Unfortunately, my goat was just teasing, so no kids here yet!


----------



## RockyToggRanch (Mar 16, 2010)

I can't get her to stand to milk, but I did roll her onto her side and she let them nurse for a few minutes. I'll try again in an hour. She's still moaning and grinding her teeth.


----------



## ksalvagno (Mar 16, 2010)

Wow, how awful for your first experience. I hope things go ok for you. I hope your doe will be ok.


----------



## RockyToggRanch (Mar 16, 2010)

I've only ever bottle fed once and that was my buckling last year. These babies seemed satisfied after feeding for just 5 minutes or so. I have no idea how much they got. I checked both sides to make sure there was flow. Then I switched the kids just in case one side was better...

How often do they need to nurse like that? I'd prefer not to bottle feed them. I really want her to come around to them.

I'm hoping she doesn't reject them and that it's only her pain making her act this way. But the vet gave her benamine for pain...


----------



## ksalvagno (Mar 16, 2010)

Can you give her another shot of Banamine if necessary?


----------



## RockyToggRanch (Mar 16, 2010)

My vet didn't leave me banamine. I never thought that she would still be in pain. Another lesson learned.. I'll check on them again and may decide to call the vet again.


----------



## Roll farms (Mar 16, 2010)

I'm sorry you're having such a hard time.

Might be a good idea to milk some colostrum out "just in case".

Best of luck to you....I'm sorry I can't offer any really useful advice.


----------



## RockyToggRanch (Mar 16, 2010)

Meet RockyToggRanch Annie Oakley and her brother Tagg Oakley.

Mama stood up for a few minutes and let them fumble around her teats. I don't want to roll her onto her side anymore. I'm afraid that makes her worse. I managed to take a few squirts of colostrum into a jar and I'm thinking I'll mix it with a bit of vit D milk if she won't stand longer. So far they've nursed 3 times for a few minutes each time. Is this sufficient for the colostrum they need? If she doesn't come around I may need to use replacer or buy goats milk from another farm. Opinions please.

The buckling that died was a bit larger with wattles.


----------



## Roll farms (Mar 17, 2010)

They need as much of her colostrum as they'll take for the first 24 hours.
After that they could go to goat or vitamin D milk, but the colostrum has all the antibodies and 'good stuff' in it.

The poor girl, she looks worn out.

If the vet didn't, I'd probably give her a Vitamin B shot and some nutri drench and probiotics.  

I've just never had a doe down like that, so I'm at a loss for anything truly useful to suggest....I'm sorry.


----------



## RockyToggRanch (Mar 17, 2010)

She's no better this morning so it looks like another farm call for the vet. Here is what he gave her;
oxytosin
bo-se
tetnus
calcium (glutenate?)
banamine
penacillan

Forgive me if spelling is wrong:/

I was giving her nutridrench in warm water but she quit drinking during the night.

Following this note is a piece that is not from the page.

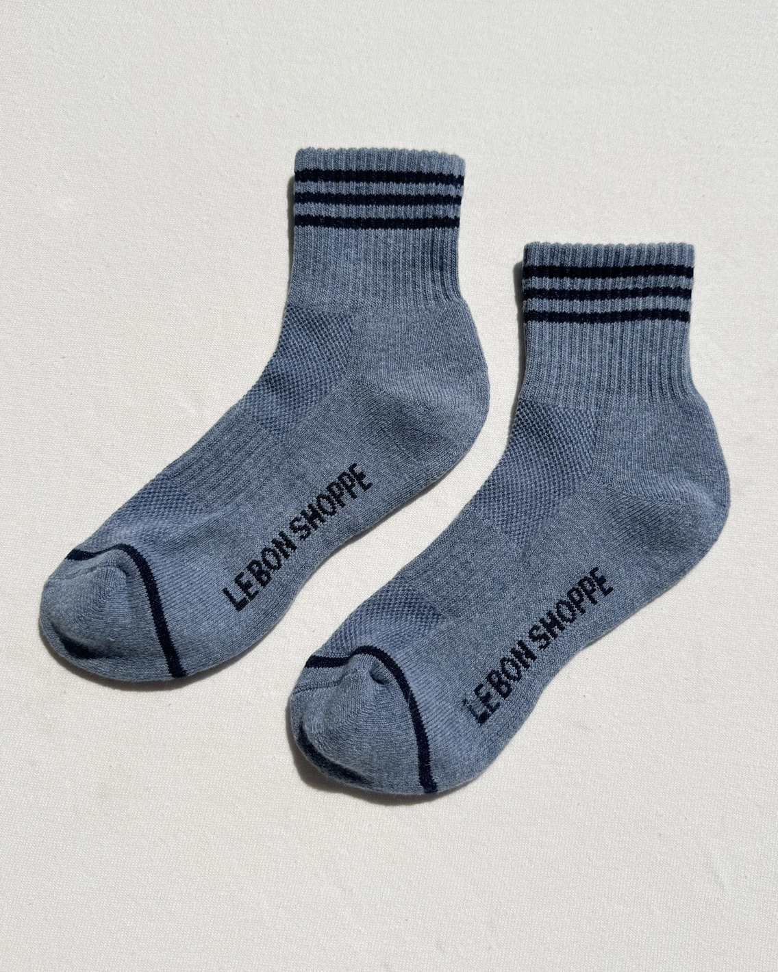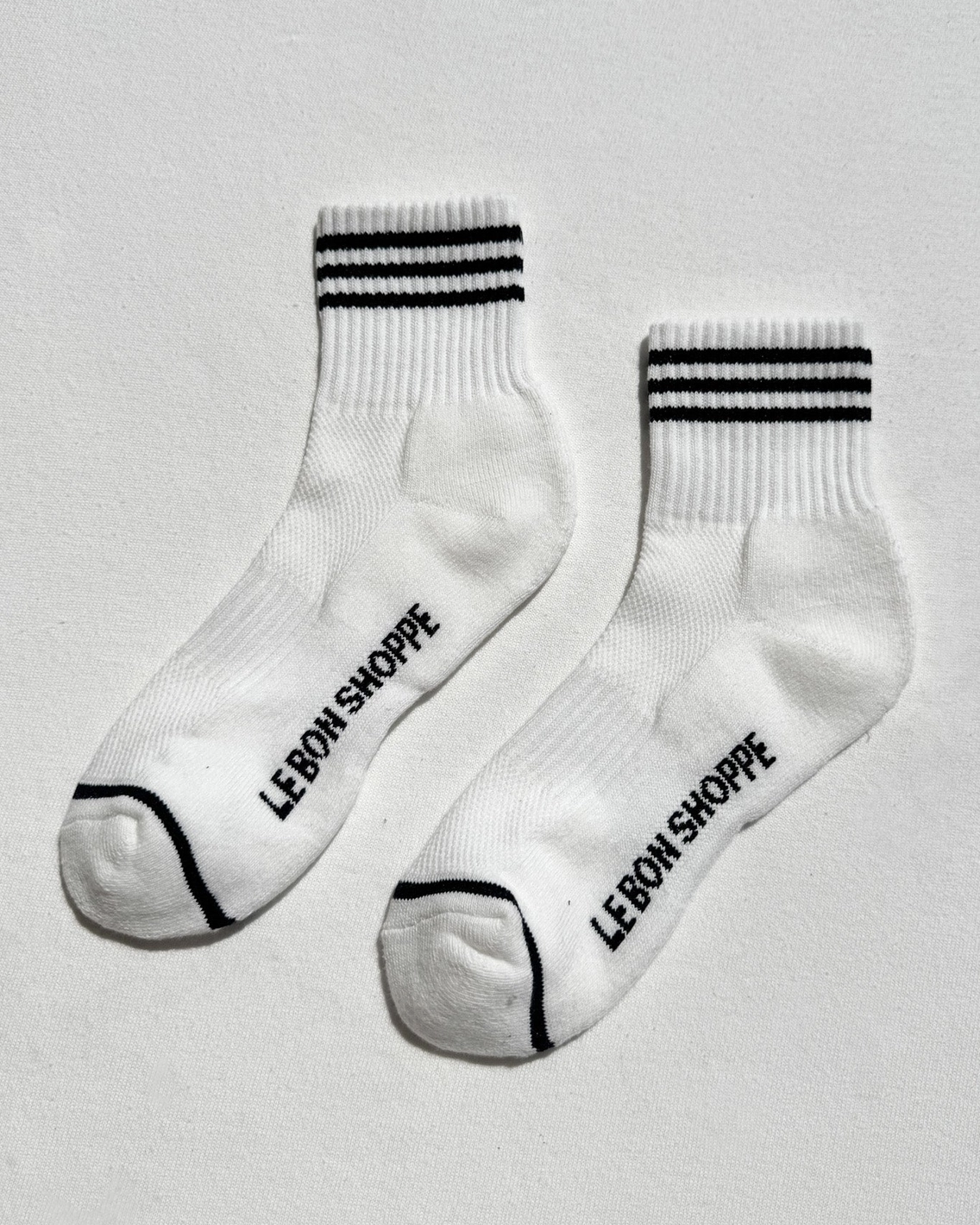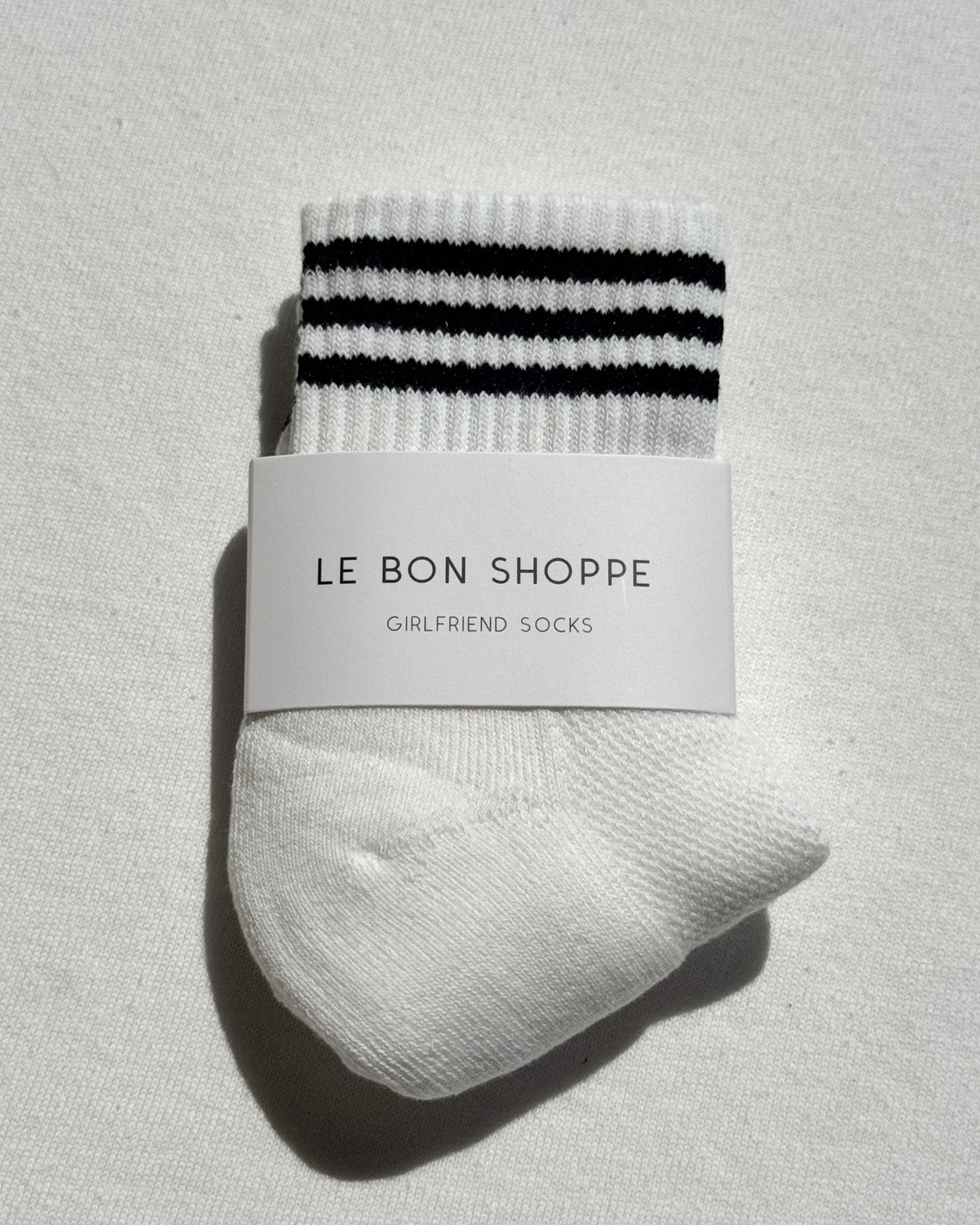 These beauties feature a triple contrast stripe at the opening and a shorter classic crew sock length. She is a universally quintessential sock and especially flattering for our petite ladies.

She hasn't eaten anything since this started and I'm afraid her rumen will be screwed up now as well.


----------



## RockyToggRanch (Mar 17, 2010)

On a kind of funny note...

I cut the sleeves off of my baggiest sweatshirt to be ready for them and they were so large I couldn't squeeze their heads into it.
Luckily my silkie terrier has extra clothes to spare.


----------



## chandasue (Mar 17, 2010)

Oh they're darlings. I hope mama comes around today. 

My girly is due any day now as well. I've been so nervous that something like this might happen with mine and I feel completely unprepared to handle it if things go wrong.


----------



## Roll farms (Mar 17, 2010)

Did he leave any Penicillin w/ you?  
Pen G is what I'd use (if needed...was her uterus torn / a lot of damage done getting the kids out???)
It has to be given every 12 hrs to be effective and should NEVER be given on a one-shot basis....you just knock back bacteria and it will come back stronger.  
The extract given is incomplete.